If you’re looking for something to do during the summer, inter-hunt relays are great sport, says Clodagh Blain
“FOR some hunt followers and their horses, the summer brings a new challenge when inter-hunt relay competitions get under way,” says Katrina Midgley, horse trials manager at The Game Fair, a popular fixture in the inter-hunt relay calendar.
Inter-hunt relays are fiercely competitive knockout competitions. In each round, there are two teams of up to four horses and riders competing against each other over two identical courses. The fastest team wins.

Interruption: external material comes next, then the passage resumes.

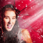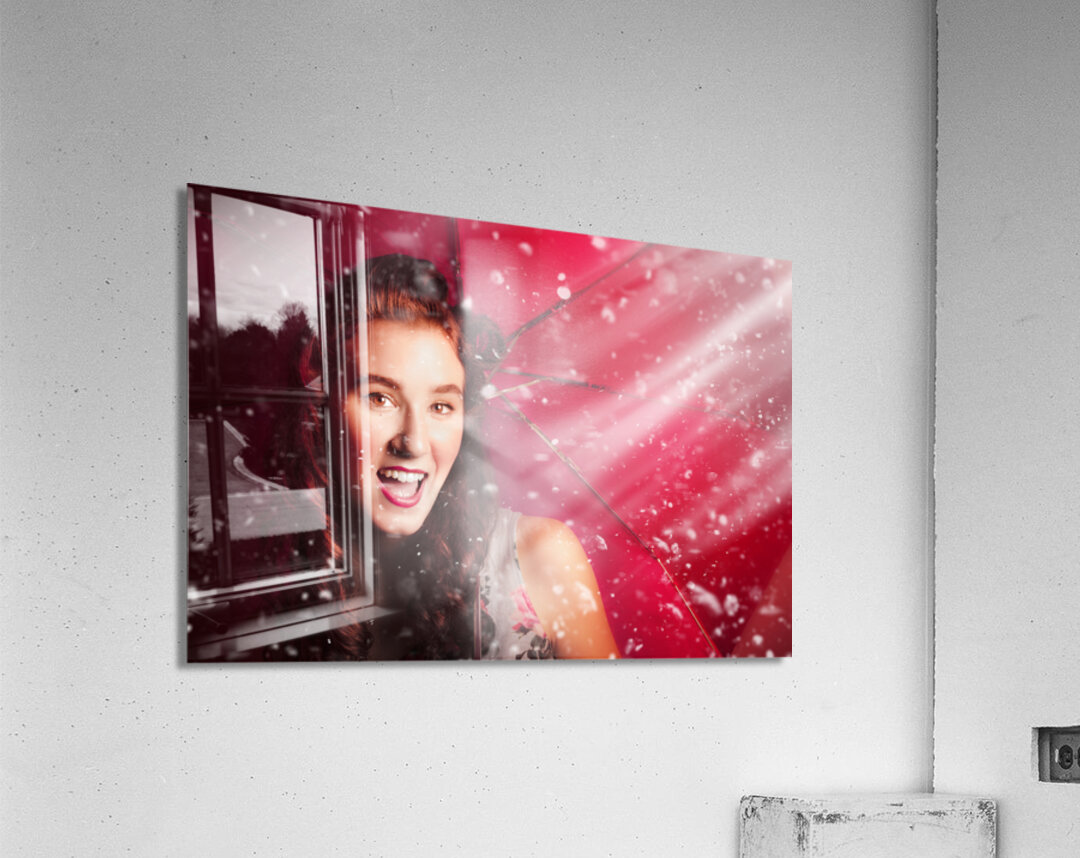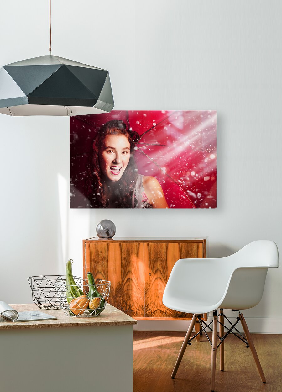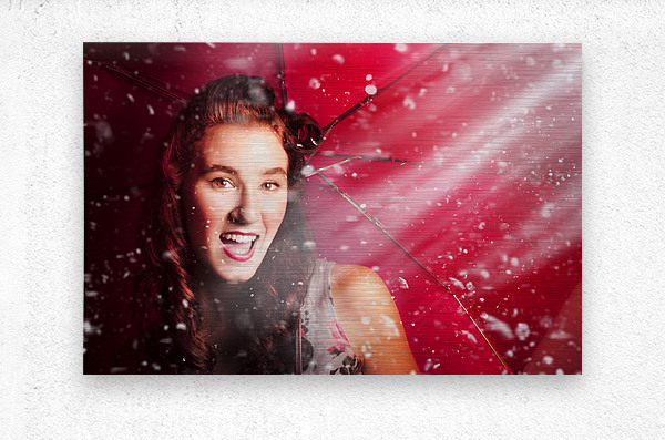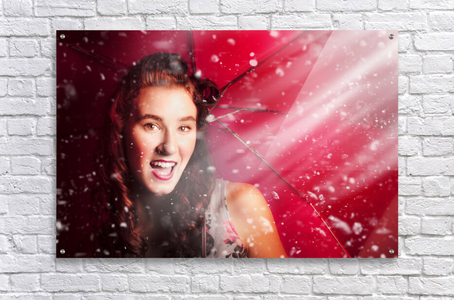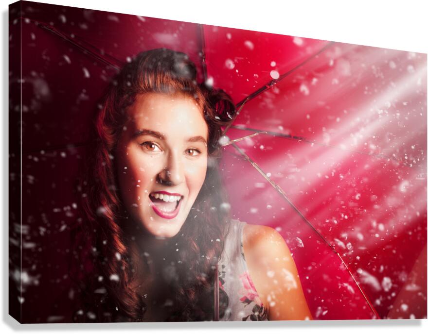 Happy playful girl smiling underneath droplets of falling rain with red umbrella. Fifties summer fun pin up

Nicki Watson, competition organiser at the Festival of Hounds at Peterborough, likens relays to “Pony Club mounted games with lots of shouting and cheering”.
Traditionally, team members are subscribers of their hunt. The courses are short with obstacles similar to those you might find out hunting, and the relay baton is commonly a hunting whip that’s passed between riders at the changeover. Some courses include a gate to be opened and closed. This can be particularly challenging with a loud crowd and adrenaline pumping.
Inter-hunt relays are a sport for riders young and old who want to have fun. Bobby Thomas, from the Carmarthenshire, recalls doing his first relay “before I could really ride”, but his team evidently learnt quickly as they went to 11 shows last summer, winning at nine of them. Often there is a small cash prize for the winners or appearance money paid to each hunt.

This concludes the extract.